Diagnose NTP-Related Issues in CUCM
Complete these steps in order to diagnose NTP-related issues:
- Ensure that CUCM can communicate with the NTP server on Port 123.
- Obtain the output of utils ntp status.
- The stratum level can be less than 4 on the publisher for optimal performance.
- If multiple NTP servers are configured, ensure at least one server is reachable; you can see the (*) symbol against the NTP server used as a reference by CUCM.
- Review the syslog alarm and take action accordingly. Probable causes of syslog alarms are:
- The external NTP server is not reachable.
- NTP stratum is higher than the acceptable limit.
- The publisher is down, so the Subscriber NTP is unsynchronized.
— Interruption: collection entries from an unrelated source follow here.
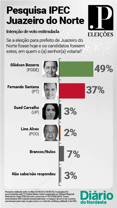 A primeira pesquisa Ipec para a disputa pela Prefeitura de Juazeiro do Norte, divulgada nesta quinta-feira (5), indica o candidato à reeleição Glêdson Bezerra (Podemos) com 49% das intenções de voto, seguido de Fernando Santana (PT) com 37%. Sued Carvalho (UP) e Lino Alves (PCO) aparecem em seguida com 3% e 2%, respectivamente. Na modalidade estimulada, os nomes dos candidatos são apresentados à pessoa entrevistada ao lado da identificação de qual partido são filiados.
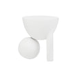 Crafted from mango wood in a whitewash finish, this side table has a round top supported by a sculptural base with a sphere and semi-cupped legs. The harmonious design creates a balanced aesthetic, blending functionality with artistic appeal.
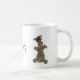 Dragón muñeco a cada lado de la taza. El dragón se crea a partir de hilados en tonos beige y verde. Con gafas, la muñeca parece ser un profesor dando una conferencia. Dragón a cada lado de la taza con nombre personalizado en el centro.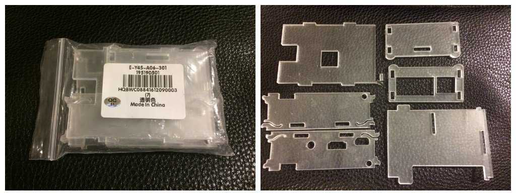Тот корпус, который я купил, сделан из прозрачного акрила (оргстекла) и поставляется в виде набора для самостоятельной сборки.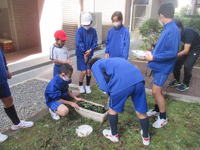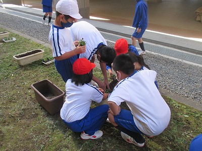 花の苗を、班のメンバーで和気あいあいと植える活動です。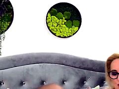 Cock pulling mature blonde squeezes dick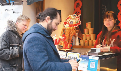 海外游客在杭州的小店用手机扫码结账。支付宝供图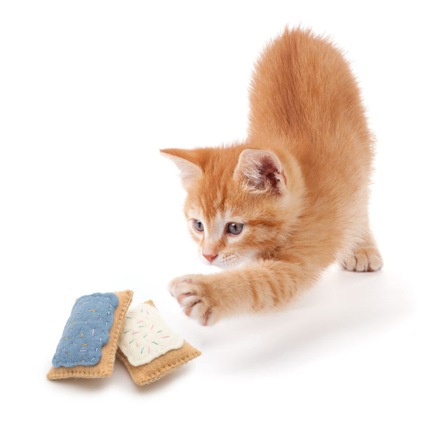 💪 DURABLE: Our pop tart set catnip cat toys is durable and will not tear, break or fade like a polyester cat soothing toy. This cat food toy kitten toy will stay adorable for a long time.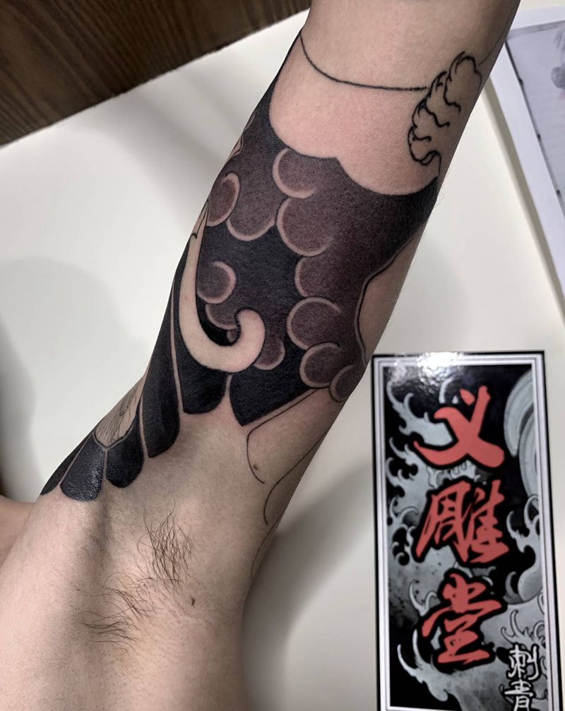 当前位置: 首页 >重庆市纹身店-义雕堂纹身纹身图案>云块与板雾纹身图片_手臂老传统义雕堂刺青纹身图案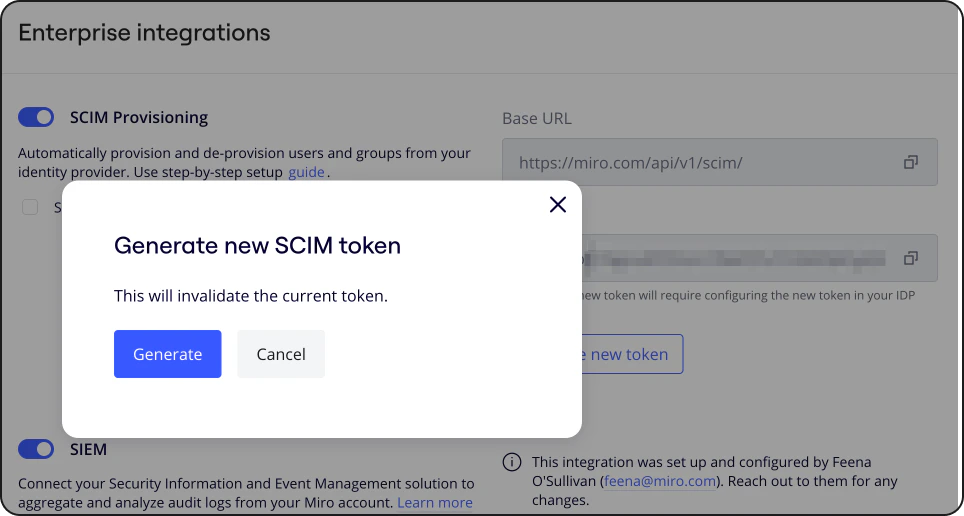 - If you already have an existing API Key you can skip this step and copy the existing key. To generate a new API Key (Token), navigate to Company settings > Enterprise integrations and click the “Generate new token” The Generate new SCIM token modal will appear, click Generate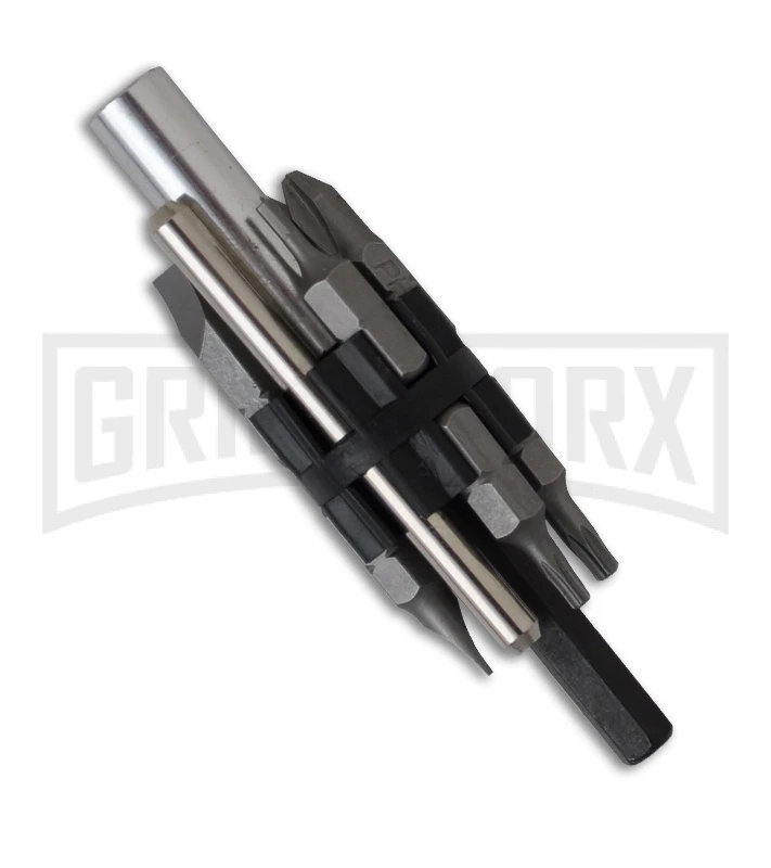 The Schrade Extreme Survival SCHF1 fixed blade is a big knife that features a single piece spear point style blade and handle made from 1070 stainless steel. The 7.5″ blade is partially serrated and the handle has diamond pattern knurling for a confident grip. Unscrewing the handle end reveals a driver tool with flat head (3/32″, 3/16″, 1/4″), Phillips (PH#0, 1, 2), Torx (10, 15, 20), and Allen (5/64″) tips. The O-ring keeps moisture out of hollow handle when tightened appropriately. Includes a ballistic nylon sheath.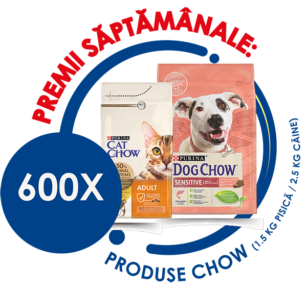 Campanie organizată de Nestlé România S.R.L., în perioada 06.08.2025 - 28.10.2025. Cumpără minimum 1.5 kg hrană uscată PURINA Cat Chow sau minimum 2.5 kg PURINA Dog Chow, la sac sau vrac. Sunt oferite 430 de premii prin tragere la sorți, în valoare totală de 126.219,80 lei (TVA inclus). Campania este valabilă în magazinele de tip pet shop, pet supermarket, farmacii, clinici veterinare și magazinele online, care semnalizează vizual promoția. Înscrierea se face în baza bonului fiscal, care trebuie să menționeze brandul (Cat Chow sau Dog Chow). Participanții care au câștigat premii săptămânale rămân eligibili și pentru extragerile lunare și pentru tragerea finală. Lista completă a produselor participante și regulamentul oficial sunt disponibile gratuit pe www.purina.ro/chow2025. Păstrează documentul fiscal în original pentru validare. Imaginile premiilor sunt cu titlu de prezentare.
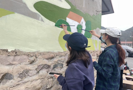 党总支组织学生党员和入党积极分子来到平谷区金海湖镇东马庄村和小东沟村,发挥专业特长,为村中老旧墙体进行墙绘美化。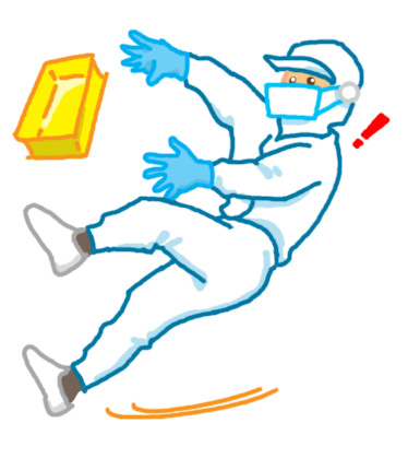 食品工場では、製造や加工中に食材のくずやゴミが発生します。生ごみや包材のごみなどが通路に落ちれば、足元が不安定になり、滑りやすさが増します。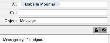 | Envoie d'un message crypté et signé (cliquer sur l'icône cadenas) | Réception d'un message crypté et signé |
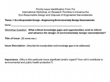 Priority Issue Identification Form For International Workshop on Research Priorities to Advance the Eco-Responsible Design and Disposal of Engineered Nanomaterials – PowerPoint PPT presentation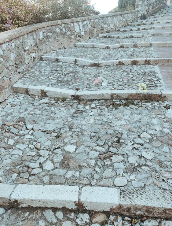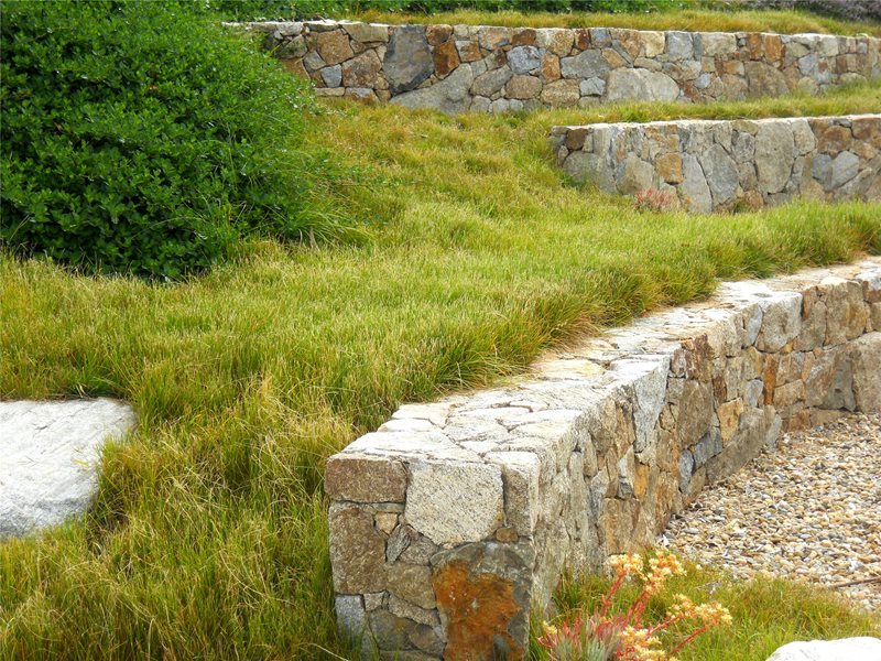 Propojení podél svahu dláždíme kamennou štětovou dlažbou. Nástup mezi jednotlivé terasy je tvořen schody, na něž dále navazují mlatové pěšiny.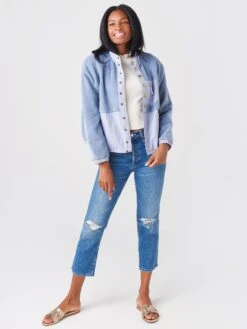 FEATURES:Button front Front pockets with Button closures Peplum hemline Boxy fit 100% cotton Imported Styled with Agolde jeans Style # A003B-2070, ATM tee Style # AW1145-FK1 and Superga sneakers Style # S00BC30. Model is wearing size small jacket, size small tee and size 26 jean.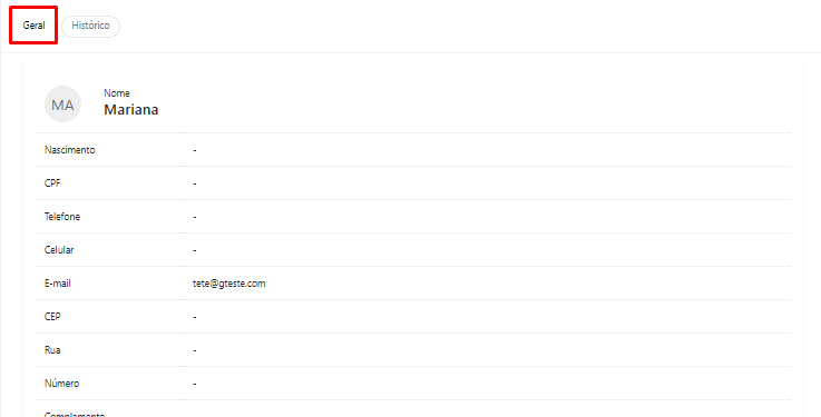 Dessa forma, você poderá ver todas as informações do parceiro selecionado, tanto no modo geral quanto no histórico completo de atividades e interações.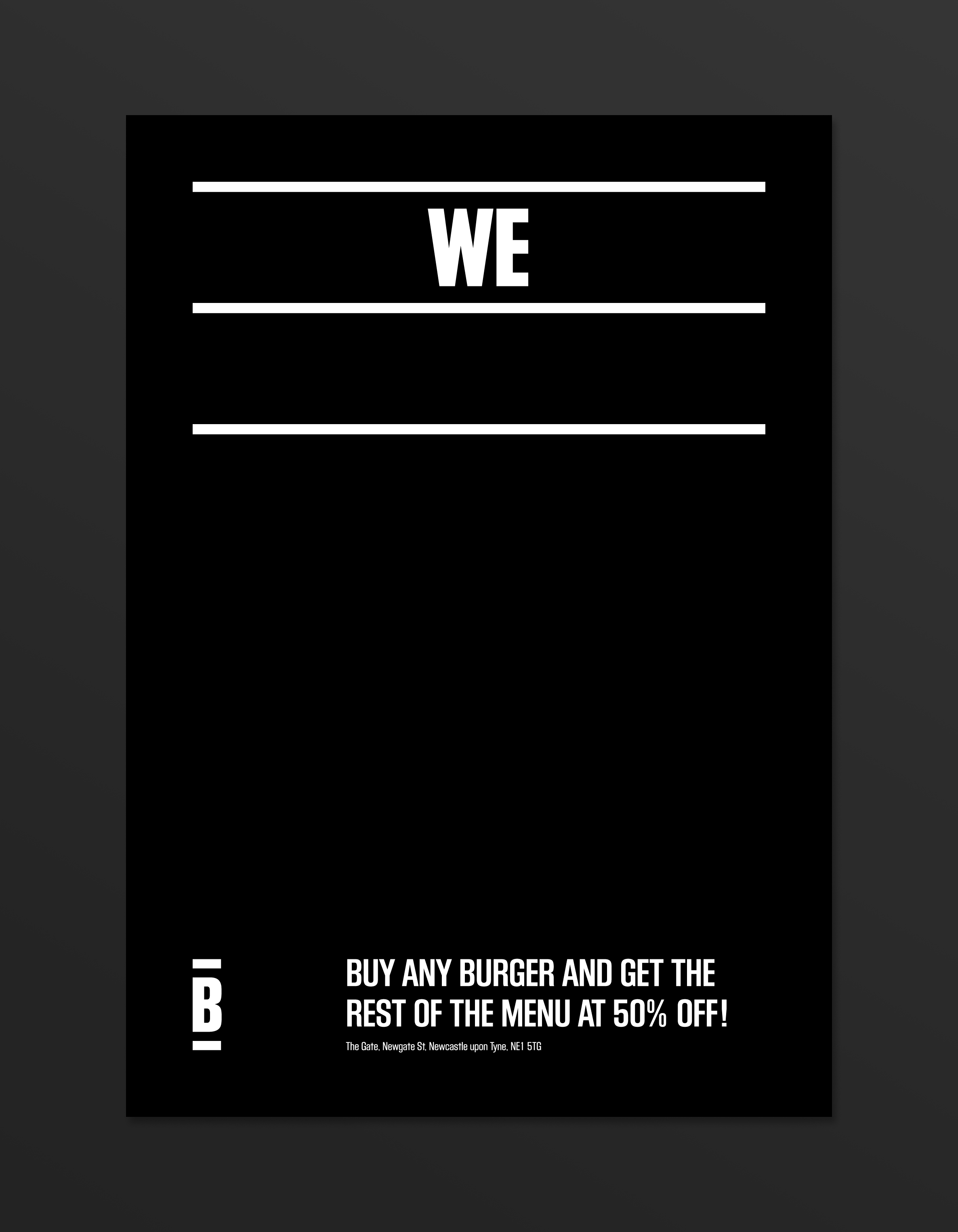 Leading unapologetically with ‘BURGER’ created a sense of ownership over the word in a competitive space. With origins in woodblock printing, the Block Gothic font had the right overtones of craft and robustness. A simple word-mark can condense to a ‘bun’ in its simplest form, and expand horizontally or vertically to let the name do the talking.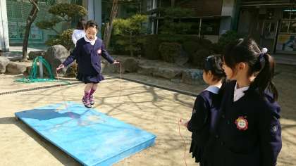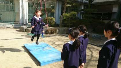 1年生の子ども達も、大きい学年の子ども達をお手本にして、ものすごく上手に跳べるようになっています。二重跳びやはやぶさが跳べる子どもも増えています。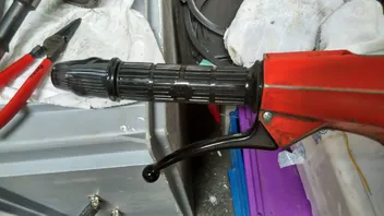 Erst mal mit 18er Cu.rohr und 18/18 Lötmuffe zusammengesetzt (Blinkerhalter passt genau rein!), sollte sich ja nicht drehen (wie beim Original), muss mir nur noch eine Sicherung basteln daß das Rohr im Griffrohr bleibt.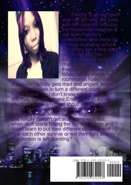 Felicity is an eighteen year old girl who still lives with her parents, one day the household receives a call from Felicity's grandfather who owns an all-boys boarding school and offers her a free spot; due to the fact her parents jumped at the chance to get rid of her they agreed for her to go. When felicity meets her roommates Nate, chaise and Aiden; felicity gets mad and angers Aiden, causing his eyes to turn a different color; when Aiden states 'You don't know who or what I am. You shouldn't make Enemies with those you don't know anything about' Felicity then knows that there is something different about them and she's determined to find out. Aiden and felicity doesn't get along very well, but when stuff starts hitting the fan Will felicity and Aiden learn to put their differences aside and help each other survive or will they fight till only one person is left standing?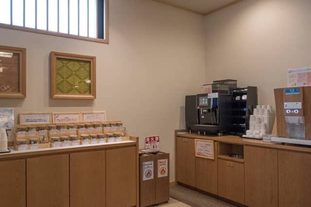 ロビーの一角では6時から24時までコーヒーやお茶などを用意。お茶やほうじ茶のほかに、アールグレーや白桃ピーチなどがありました。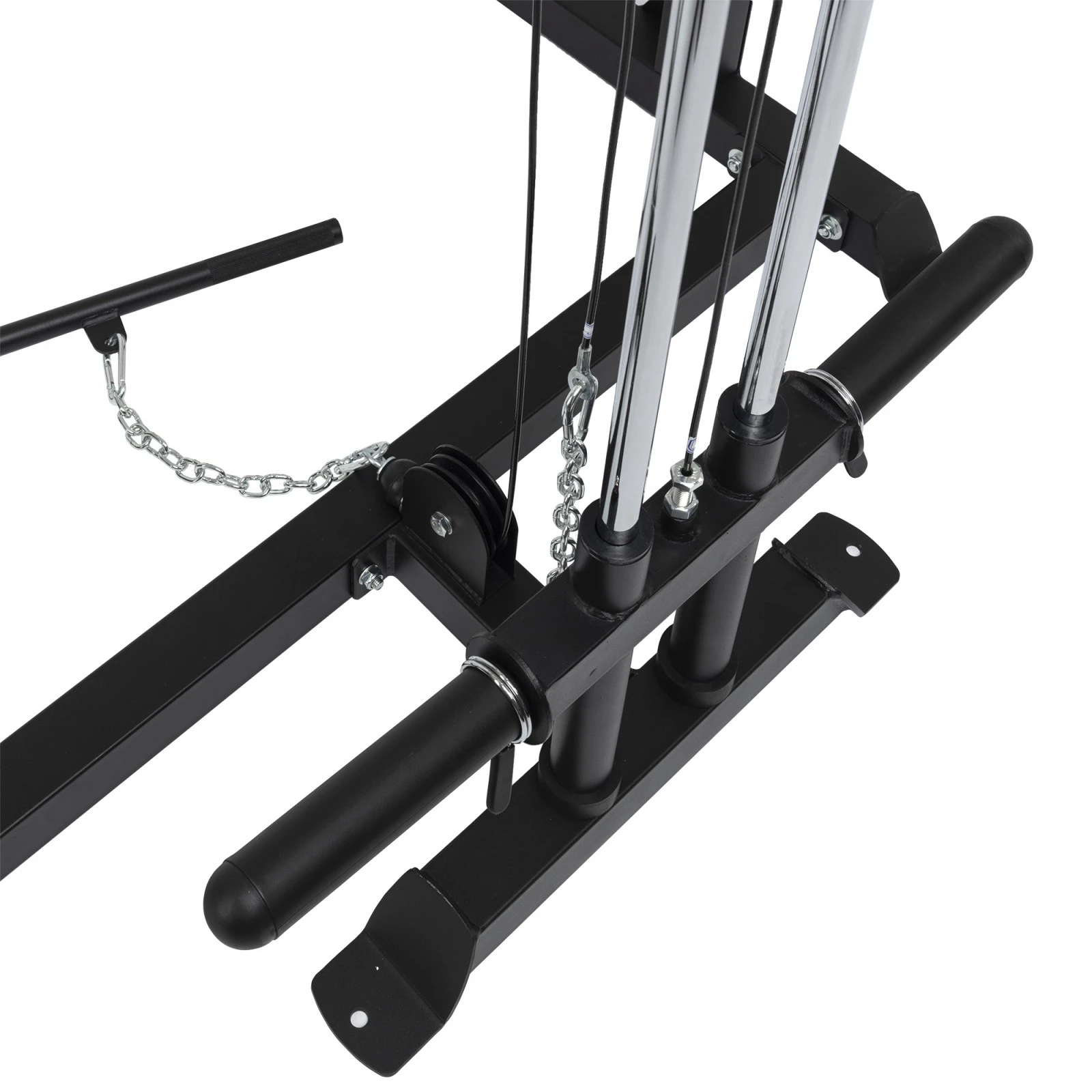 Med detta tillbehör får du ytterligare två träningsstationer på din Taurus power cage: ett högt beläget kabeldrag som gör att du kan utföra latsdrag och tricepspress, liksom ett lågt beläget kabeldrag som passar för sittande rodd och stående bicepscurls. I leveransen ingår därför en bred latsdragstång och en kort roddstång.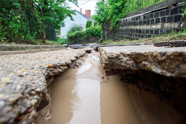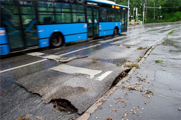 Még mindig Budapest. A nagy mennyiségű csapadékvíztől felszakadt útburkolat a XII. kerületi Istenhegyi úton: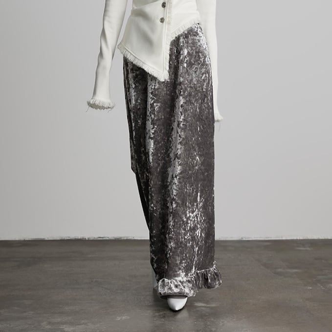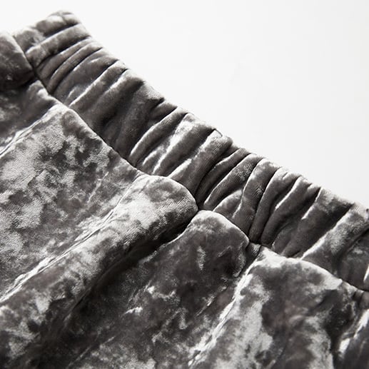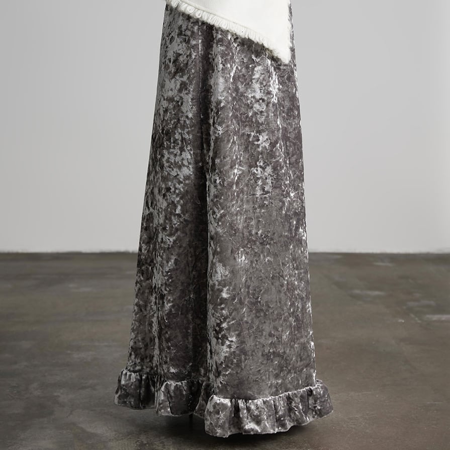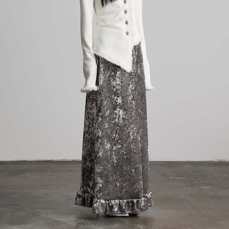 光の当たり方で表情を変える、独特の艶めきを放つベルベット素材のロングスカート。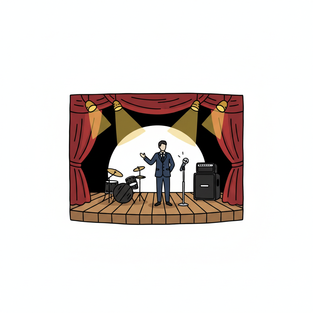 Cartoon eines Mannes im Anzug auf einer Bühne mit Mikrofon, Schlagzeug und Scheinwerfern.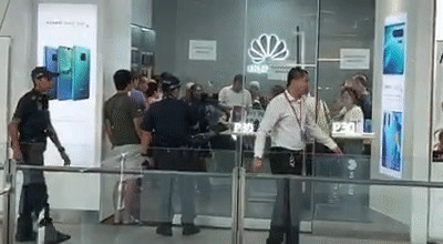 新加坡大妈华为店“砸场子”,三个警察都拉不住!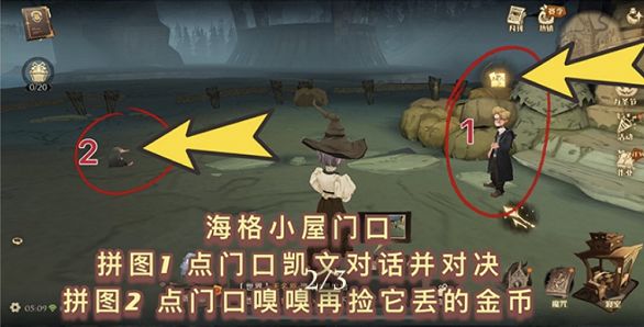 位置:从城堡上空骑扫帚飞往海格小屋((禁林方向)海格小屋门口,看到凯文和嗅嗅,先点击凯文头上的拼图标志,开启对话后选择开始战斗,赢得凯文获得第一块拼图。

- If ntpdate -q related alerts are seen, it is possible that you have NTP version 4.2.6+ with the Kiss of Death (KoD) feature enabled. (By design, the minimum interval between burst and iburst packets sent by any client is two, which does not violate this constraint. Packets sent by other implementations that violate this constraint can be dropped and a KoD packet returned if enabled). It is recommended to disable this feature when you use that version as the NTP server for a UC product.
- Use this diagnosis module in order to verify the NTP server is configured.
- utils diagnose module ntp_reachability
- utils diagnose module ntp_clock_drift
- utils diagnose module ntp_stratum
- Enter utils ntp restart in order to restart the NTP client/server. This command is useful whenever a gross time correction needs to occur immediately or whenever external servers are still reachable and operational, but synchronization fails. Use the utils ntp status command in order to determine the operational status of external NTP servers.
Common Known Issues with NTP Association on CUCM
Cisco bug ID CSCue18813: NTP configuration tos maxdist parameter controlled via CLI
Resolution: Cisco Technical Assistance Center case can be raised in order to manually add the tos maxdist parameter in the ntp.conf file.
Cisco bug ID CSCuq70611: NTP Stratum test does not validate properly with single NTP Server
Fixed Version: 10.5(2.10000.005)
Cisco bug ID CSCui85967: CUCM jump upgrade from 6.1.5 to 9.1.2 fails due to NTP reference missing
Resolution: Jump upgrade documentation has been updated and NTP configuration is listed as on of the pre-upgrade task.
Cisco bug ID CSCtw46611: NTP synch fails due to incorrect file system labelling of capture.txt
Fixed Version: 8.6(2.24900.017)
Cisco bug ID CSCur94973: Time sync issue betn VMHost & VM Instance during M1 migration
Resolution: Disable the VM's NTP sync with the ESXi host with the use of this workaround. An alternate workaround is to configure the ESXi server and CUCM Publisher to point to the same NTP server.